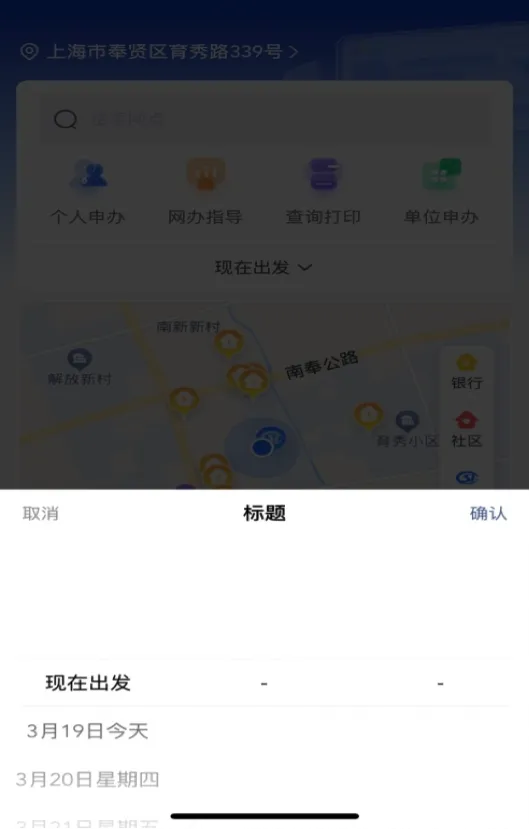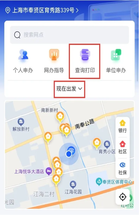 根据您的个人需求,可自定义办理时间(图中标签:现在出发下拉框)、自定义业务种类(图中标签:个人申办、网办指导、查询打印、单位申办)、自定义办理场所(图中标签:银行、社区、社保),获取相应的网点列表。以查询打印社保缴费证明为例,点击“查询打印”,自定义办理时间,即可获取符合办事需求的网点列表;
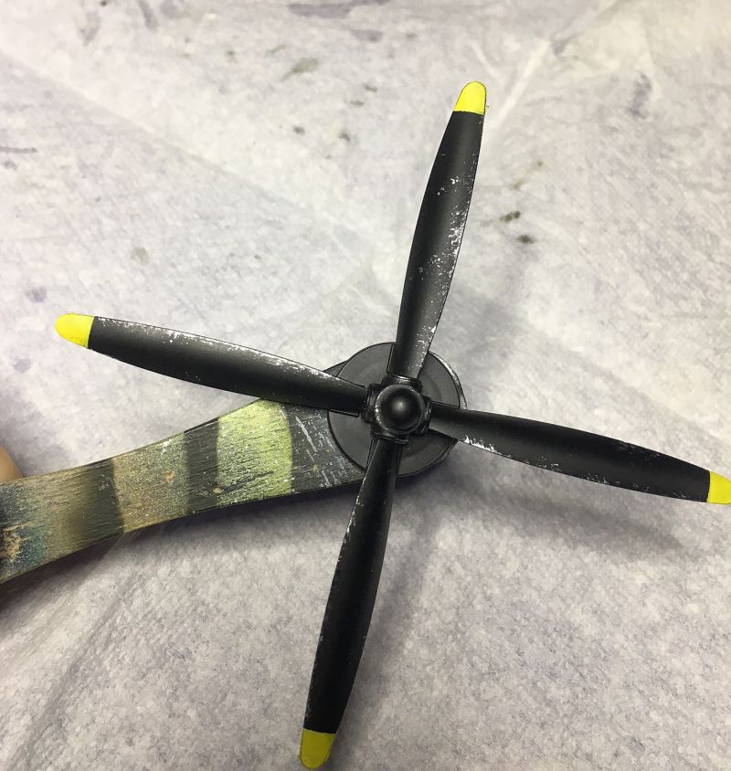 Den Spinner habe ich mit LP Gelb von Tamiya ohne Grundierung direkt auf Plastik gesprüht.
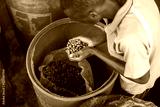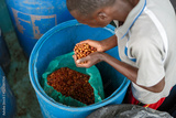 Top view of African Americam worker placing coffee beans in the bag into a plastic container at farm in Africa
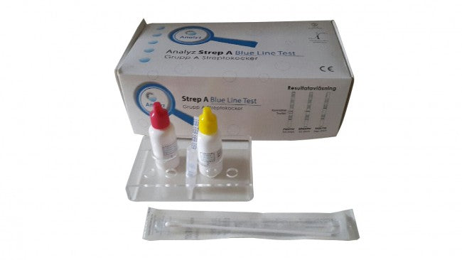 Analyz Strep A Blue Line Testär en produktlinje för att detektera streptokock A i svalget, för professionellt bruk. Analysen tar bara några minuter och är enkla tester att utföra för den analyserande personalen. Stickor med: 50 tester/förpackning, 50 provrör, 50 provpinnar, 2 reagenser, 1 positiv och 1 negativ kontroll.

────────────────

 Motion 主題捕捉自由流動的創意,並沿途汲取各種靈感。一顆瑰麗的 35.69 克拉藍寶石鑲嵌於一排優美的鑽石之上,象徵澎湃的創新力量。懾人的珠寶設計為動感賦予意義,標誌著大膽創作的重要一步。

────────────────

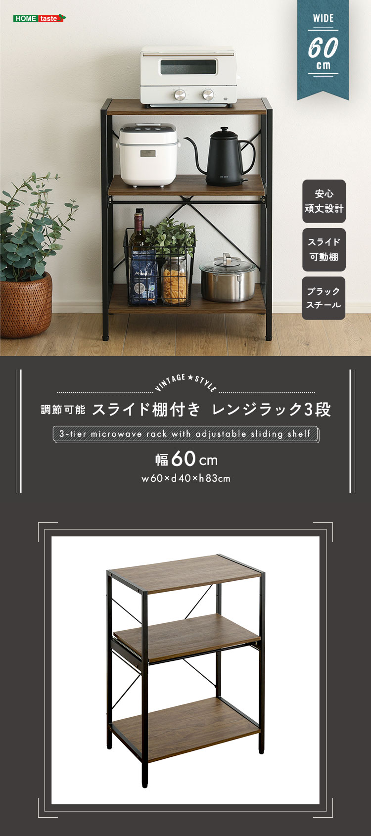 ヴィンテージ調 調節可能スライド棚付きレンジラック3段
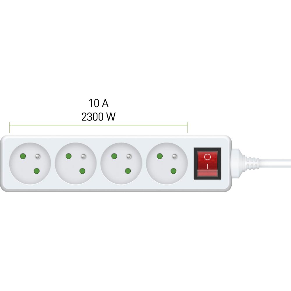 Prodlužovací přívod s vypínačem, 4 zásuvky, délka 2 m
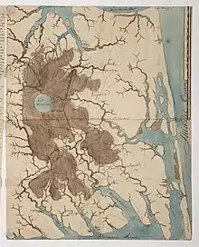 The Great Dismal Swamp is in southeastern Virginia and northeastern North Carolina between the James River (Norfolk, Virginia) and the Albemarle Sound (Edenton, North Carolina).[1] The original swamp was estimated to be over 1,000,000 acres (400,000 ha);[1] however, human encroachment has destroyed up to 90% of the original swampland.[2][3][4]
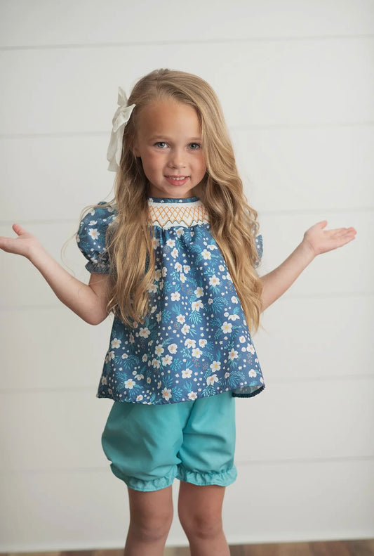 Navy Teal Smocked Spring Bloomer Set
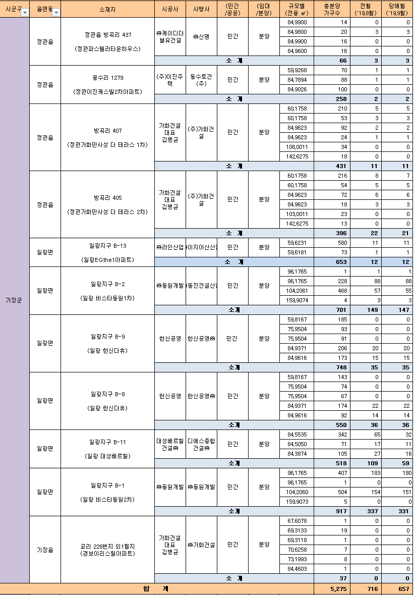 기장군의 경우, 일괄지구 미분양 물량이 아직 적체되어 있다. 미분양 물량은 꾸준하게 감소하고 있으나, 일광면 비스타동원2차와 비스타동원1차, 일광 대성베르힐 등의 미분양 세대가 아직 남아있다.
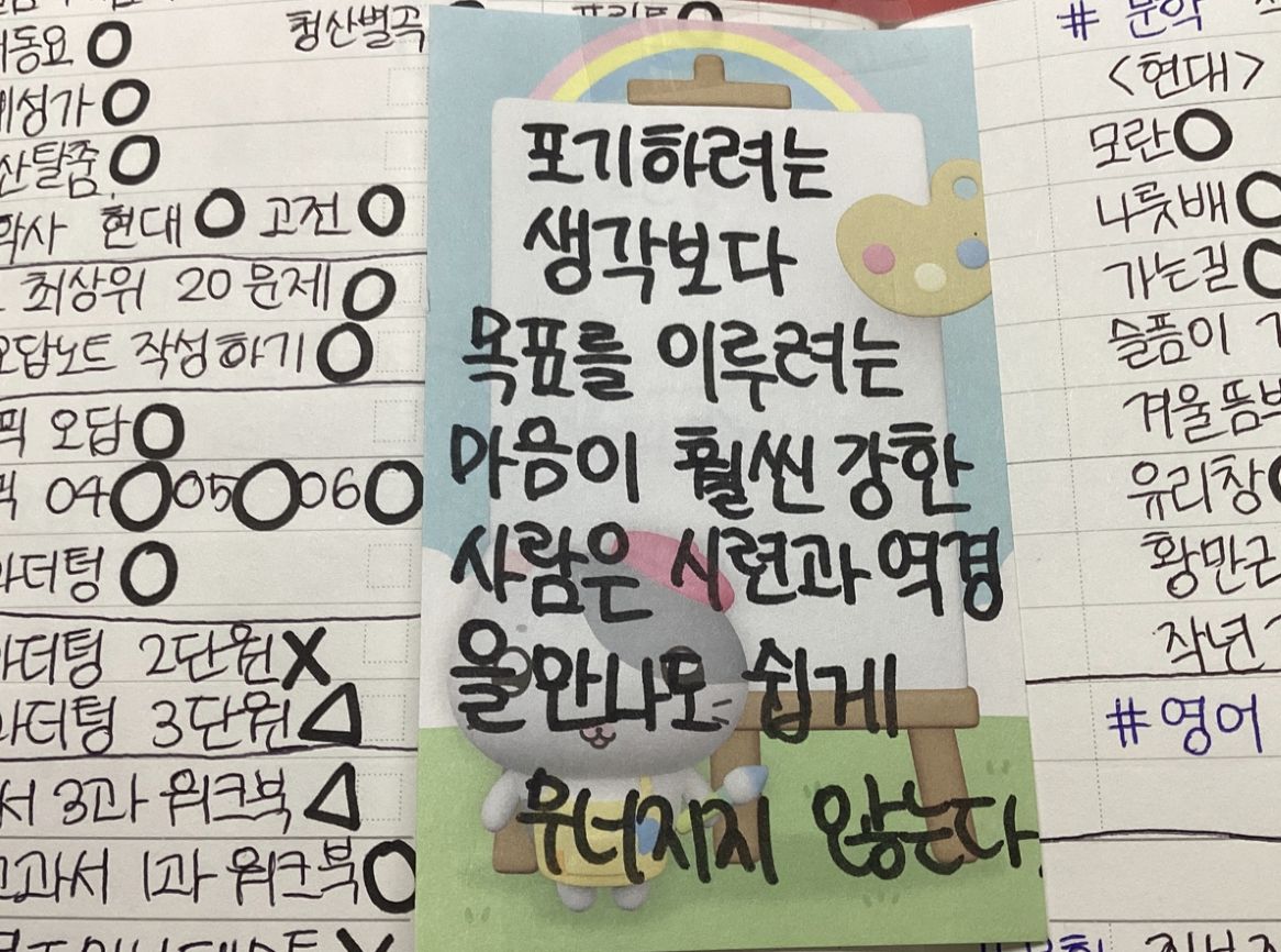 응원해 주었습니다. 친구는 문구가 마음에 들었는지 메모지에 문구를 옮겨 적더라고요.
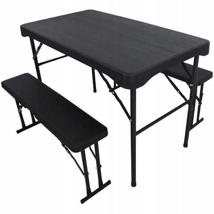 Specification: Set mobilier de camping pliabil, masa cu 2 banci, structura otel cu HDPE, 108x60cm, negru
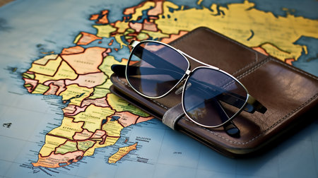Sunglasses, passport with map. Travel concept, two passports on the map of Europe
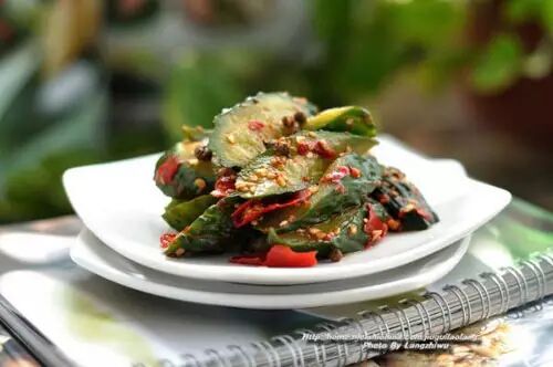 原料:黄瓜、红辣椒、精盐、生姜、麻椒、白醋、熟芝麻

────────────────

Using the listing above, reproduce word for word every line from the one containing "ヴィンテージ調 調節可能スライド棚付きレンジラック3段" through the one containing "Prodlužovací přívod s". Pictures must be left out.

▶ Response for this exercise:
 ヴィンテージ調 調節可能スライド棚付きレンジラック3段
 Prodlužovací přívod s vypínačem, 4 zásuvky, délka 2 m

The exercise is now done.